In [1]:
import pandas as pd
from pulp import *

# POC
To start I will assume I have already ran simulations and translated the results to a set of EVs. I will even boil the problem down to something even more basic with some dummy data to start.
## Dummy Data
Lets say we get to choose between 10 drivers, we only get to pick 3 and they have the following prices and EVs.

In [2]:
df = pd.DataFrame(
    {
        "driver": ["AAAAAA", "BBBBBB", "CCCCCC", "DDDDDD", "EEEEEE", "FFFFFF", "GGGGGG", "HHHHHH", "IIIIII", "JJJJJJ"],
        "EV": [1,2,1,2,3,1,2,3,1.5,1],
        "price": [5, 8, 4, 9, 13, 5, 6, 10, 7, 2]
    }
)

In [3]:
df["value"] = df["EV"] / df["price"]

Then we add the metric `value` representing the EV per unit price. This just helps us vizualize the best value drivers - at the top of the following table

In [4]:
df.sort_values("value", ascending=False)

Unnamed: 0,driver,EV,price,value
9,JJJJJJ,1.0,2,0.5
6,GGGGGG,2.0,6,0.333333
7,HHHHHH,3.0,10,0.3
1,BBBBBB,2.0,8,0.25
2,CCCCCC,1.0,4,0.25
4,EEEEEE,3.0,13,0.230769
3,DDDDDD,2.0,9,0.222222
8,IIIIII,1.5,7,0.214286
0,AAAAAA,1.0,5,0.2
5,FFFFFF,1.0,5,0.2


Lets say our budget is 15 bucks. What team should we choose? For example, **{J, G, C} gives an EV of 4**. At first sight this seems to be the best. Let's see if we can create an optimizer to reproduce this. Let's try and formulate the problem mathematically.

## Formulate the Problem
### Decision Variables
The choice of drivers $ d_i \in \{0,1\} $ for each driver $ i=0,...,9$
### Objective Function
For each boolean driver choice $ d_i $, and driver expected value $  e_i $, maximize the function $$ \sum_{i=0}^{9} d_i e_i $$
### Constraints
For each driver price $ p_i $
$$ \sum_{i=0}^{9} d_i p_i < 15 $$
and 
$$ \sum_{i=0}^{9} d_i = 3 $$
### Data
All required data, $ e_i $ and $ p_i $ for $ i=1,...,9 $ is contained in `df`

## Solution
This is a type of integer program problem given that the decision variables may only take integer values (specifically 0 or 1) rather than real variables.
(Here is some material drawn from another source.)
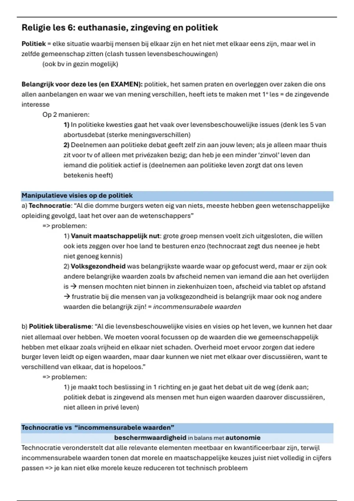 Samenvatting Les 6: euthanasie, zingeving en politiek

Finding the solution is trivial with pulp. 

In [36]:
drivers = df["driver"].to_list()
EVs = df.set_index("driver").to_dict()["EV"]
prices = df.set_index("driver").to_dict()["price"]

In [37]:
prob = LpProblem("F1-Fantasy", LpMaximize)

In [38]:
driver_choices = LpVariable.dicts(
    "driver_choices",
    drivers,
    lowBound=0,
    upBound=1,
    cat=LpInteger
)

In [39]:
prob += lpSum([EVs[d]*driver_choices[d] for d in drivers]), "Total EV"

In [40]:
prob += lpSum([prices[d]*driver_choices[d] for d in drivers]) <= 15.0, "Total Price"

In [41]:
prob += lpSum([driver_choices[d] for d in drivers]) == 3.0, "Number of Drivers"

In [43]:
prob.solve()

1

In [45]:
print(LpStatus[prob.status])

Optimal


In [44]:
for v in prob.variables():
    print(f"{v.name} = {v.varValue}")

driver_choices_AAAAAA = 0.0
driver_choices_BBBBBB = 0.0
driver_choices_CCCCCC = 0.0
driver_choices_DDDDDD = 0.0
driver_choices_EEEEEE = 0.0
driver_choices_FFFFFF = 0.0
driver_choices_GGGGGG = 1.0
driver_choices_HHHHHH = 0.0
driver_choices_IIIIII = 1.0
driver_choices_JJJJJJ = 1.0


The optimization spotted a better solution!

### Extending
Extending this to the full case is a trivial exercise (up to the availability of data). We just need to get the data for all 20 drivers and modify the constraints. This includes:

 - Budget is now 100
 - We must choose 5 drivers
 - We must choose a single constructor
 
Constructors didn't feature in this example but the principle is exactly the same. The addtional code will be along the lines of:

``` python
constructors = ["Mercedes", "Ferrari", ..., "Williams"]

constructor_choices = LpVariable.dicts(
    "constructor_choices",
    constructors,
    lowBound=0,
    upBound=1,
    cat=LpInteger
)

prob += lpSum([constructor_choices[c] for c in constructors]) == 1.0, "Number of Constructors"

```

The Total EV condition should also be modified to include drivers and constructors... Then we are done!